◆ Assignment:
Write out the listing below character for character, though without its pictures.

*** Opening of Given material ***

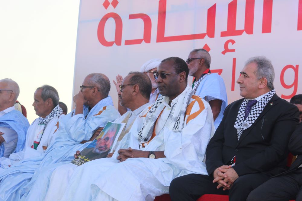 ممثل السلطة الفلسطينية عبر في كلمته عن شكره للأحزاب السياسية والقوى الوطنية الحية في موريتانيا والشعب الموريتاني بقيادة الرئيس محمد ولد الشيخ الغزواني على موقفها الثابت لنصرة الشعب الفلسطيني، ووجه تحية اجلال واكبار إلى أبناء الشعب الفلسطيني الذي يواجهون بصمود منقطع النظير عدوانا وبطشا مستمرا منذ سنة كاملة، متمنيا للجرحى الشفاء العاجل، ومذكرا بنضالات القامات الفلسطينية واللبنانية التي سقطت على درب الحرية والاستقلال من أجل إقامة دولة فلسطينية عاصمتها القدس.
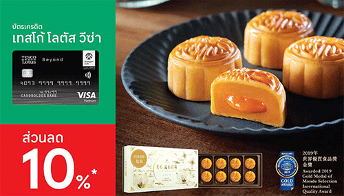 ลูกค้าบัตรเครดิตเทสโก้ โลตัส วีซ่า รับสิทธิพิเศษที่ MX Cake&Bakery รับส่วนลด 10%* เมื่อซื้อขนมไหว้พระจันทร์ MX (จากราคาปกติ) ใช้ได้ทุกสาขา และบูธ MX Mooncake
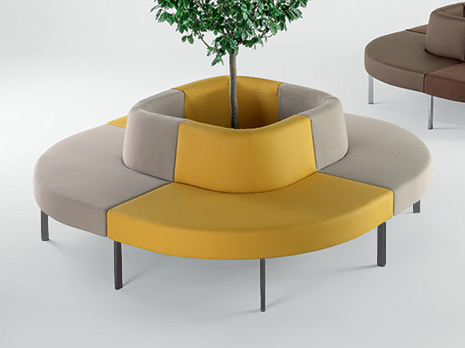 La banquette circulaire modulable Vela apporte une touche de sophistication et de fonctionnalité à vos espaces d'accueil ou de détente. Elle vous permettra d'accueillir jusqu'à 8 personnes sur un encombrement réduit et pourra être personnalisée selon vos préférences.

*** Close of Given material ***

◆ Task response:
 ممثل السلطة الفلسطينية عبر في كلمته عن شكره للأحزاب السياسية والقوى الوطنية الحية في موريتانيا والشعب الموريتاني بقيادة الرئيس محمد ولد الشيخ الغزواني على موقفها الثابت لنصرة الشعب الفلسطيني، ووجه تحية اجلال واكبار إلى أبناء الشعب الفلسطيني الذي يواجهون بصمود منقطع النظير عدوانا وبطشا مستمرا منذ سنة كاملة، متمنيا للجرحى الشفاء العاجل، ومذكرا بنضالات القامات الفلسطينية واللبنانية التي سقطت على درب الحرية والاستقلال من أجل إقامة دولة فلسطينية عاصمتها القدس.
 ลูกค้าบัตรเครดิตเทสโก้ โลตัส วีซ่า รับสิทธิพิเศษที่ MX Cake&Bakery รับส่วนลด 10%* เมื่อซื้อขนมไหว้พระจันทร์ MX (จากราคาปกติ) ใช้ได้ทุกสาขา และบูธ MX Mooncake
 La banquette circulaire modulable Vela apporte une touche de sophistication et de fonctionnalité à vos espaces d'accueil ou de détente. Elle vous permettra d'accueillir jusqu'à 8 personnes sur un encombrement réduit et pourra être personnalisée selon vos préférences.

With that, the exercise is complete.